Work to be completed: Below are records that hold pictures; write out only the lines from their start through the line with "2.6. Q31L Mutation", exactly, and drop the pictures.

Data items
----------
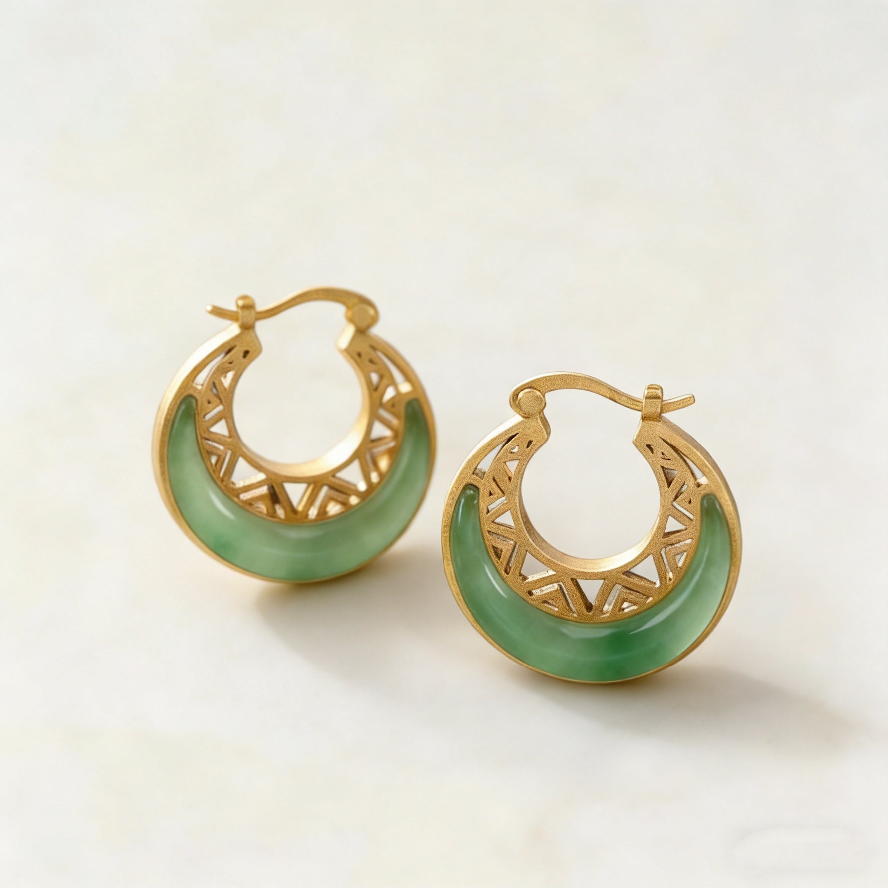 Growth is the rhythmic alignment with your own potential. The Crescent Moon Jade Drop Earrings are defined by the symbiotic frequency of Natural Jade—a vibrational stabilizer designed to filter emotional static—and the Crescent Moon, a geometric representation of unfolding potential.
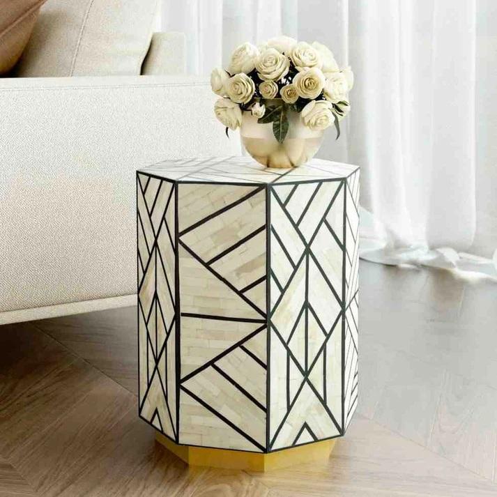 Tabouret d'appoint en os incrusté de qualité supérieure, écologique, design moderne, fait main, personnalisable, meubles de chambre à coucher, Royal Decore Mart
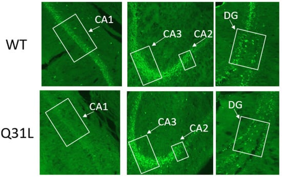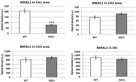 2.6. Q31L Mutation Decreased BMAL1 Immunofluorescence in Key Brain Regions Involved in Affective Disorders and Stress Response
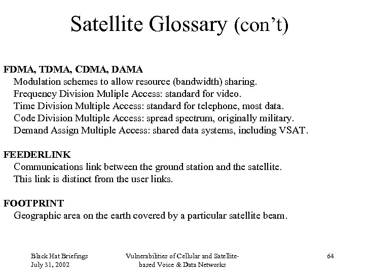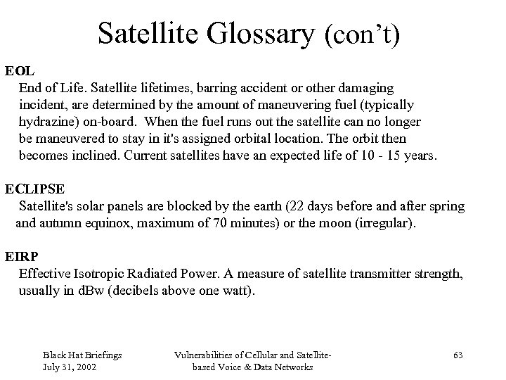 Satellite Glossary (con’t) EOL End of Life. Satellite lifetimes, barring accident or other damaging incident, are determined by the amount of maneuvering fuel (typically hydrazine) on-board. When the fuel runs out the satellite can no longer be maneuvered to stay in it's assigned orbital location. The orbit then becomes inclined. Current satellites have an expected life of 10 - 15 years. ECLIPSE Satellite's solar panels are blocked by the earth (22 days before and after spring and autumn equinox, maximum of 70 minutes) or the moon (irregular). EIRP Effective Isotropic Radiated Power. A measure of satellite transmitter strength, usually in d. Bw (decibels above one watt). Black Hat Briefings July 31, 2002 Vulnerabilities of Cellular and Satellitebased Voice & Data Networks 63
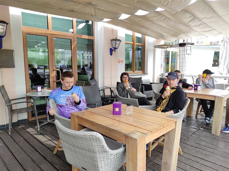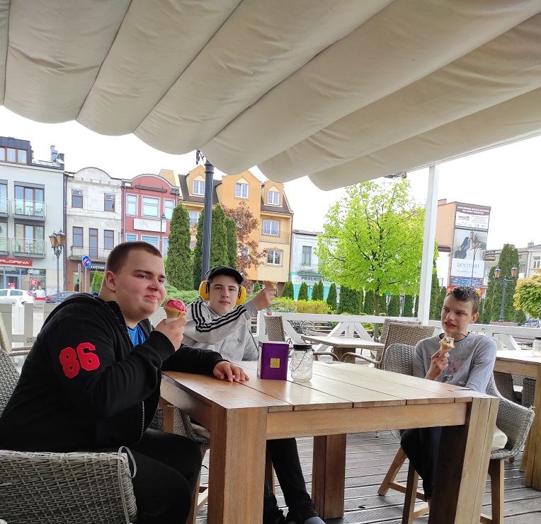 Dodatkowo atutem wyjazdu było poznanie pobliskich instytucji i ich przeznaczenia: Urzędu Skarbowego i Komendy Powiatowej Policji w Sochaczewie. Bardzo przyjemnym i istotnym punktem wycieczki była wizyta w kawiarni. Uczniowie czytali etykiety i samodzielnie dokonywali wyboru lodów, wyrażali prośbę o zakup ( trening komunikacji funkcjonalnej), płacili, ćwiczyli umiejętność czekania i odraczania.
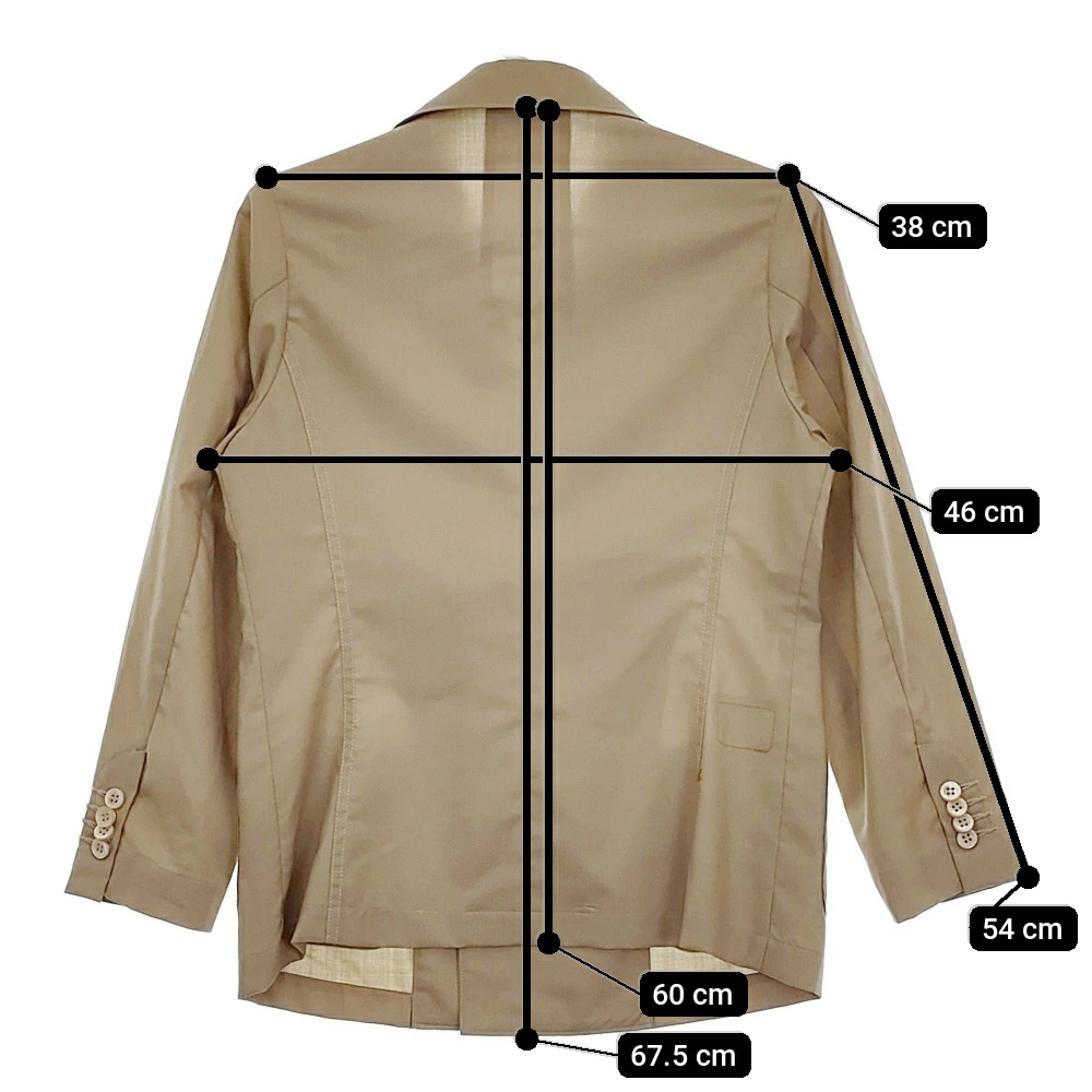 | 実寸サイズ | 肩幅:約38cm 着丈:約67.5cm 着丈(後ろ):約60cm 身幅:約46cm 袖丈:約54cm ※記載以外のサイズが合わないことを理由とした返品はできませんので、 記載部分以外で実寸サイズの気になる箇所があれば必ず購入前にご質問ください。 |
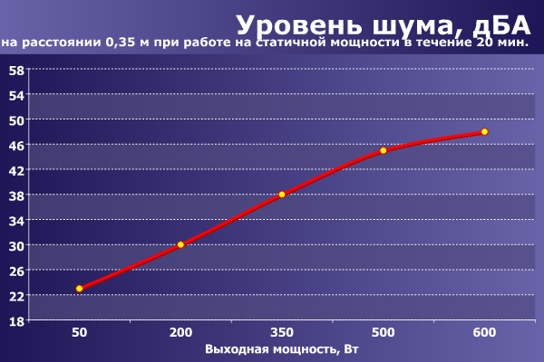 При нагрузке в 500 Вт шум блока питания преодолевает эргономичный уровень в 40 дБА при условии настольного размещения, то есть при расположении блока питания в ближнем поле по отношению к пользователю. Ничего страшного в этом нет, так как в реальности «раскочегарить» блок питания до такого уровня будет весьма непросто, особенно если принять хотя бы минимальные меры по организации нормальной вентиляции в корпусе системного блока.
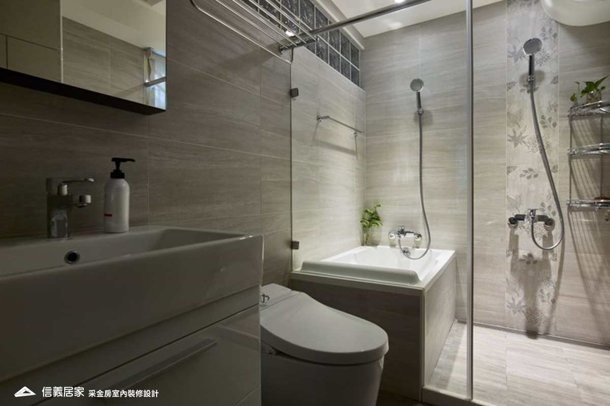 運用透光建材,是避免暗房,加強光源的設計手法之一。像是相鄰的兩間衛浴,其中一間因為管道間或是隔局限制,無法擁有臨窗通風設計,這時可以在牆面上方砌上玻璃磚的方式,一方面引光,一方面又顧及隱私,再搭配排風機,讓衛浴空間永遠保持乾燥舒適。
----------
Output of the task:
 Growth is the rhythmic alignment with your own potential. The Crescent Moon Jade Drop Earrings are defined by the symbiotic frequency of Natural Jade—a vibrational stabilizer designed to filter emotional static—and the Crescent Moon, a geometric representation of unfolding potential.
 Tabouret d'appoint en os incrusté de qualité supérieure, écologique, design moderne, fait main, personnalisable, meubles de chambre à coucher, Royal Decore Mart
 2.6. Q31L Mutation Decreased BMAL1 Immunofluorescence in Key Brain Regions Involved in Affective Disorders and Stress Response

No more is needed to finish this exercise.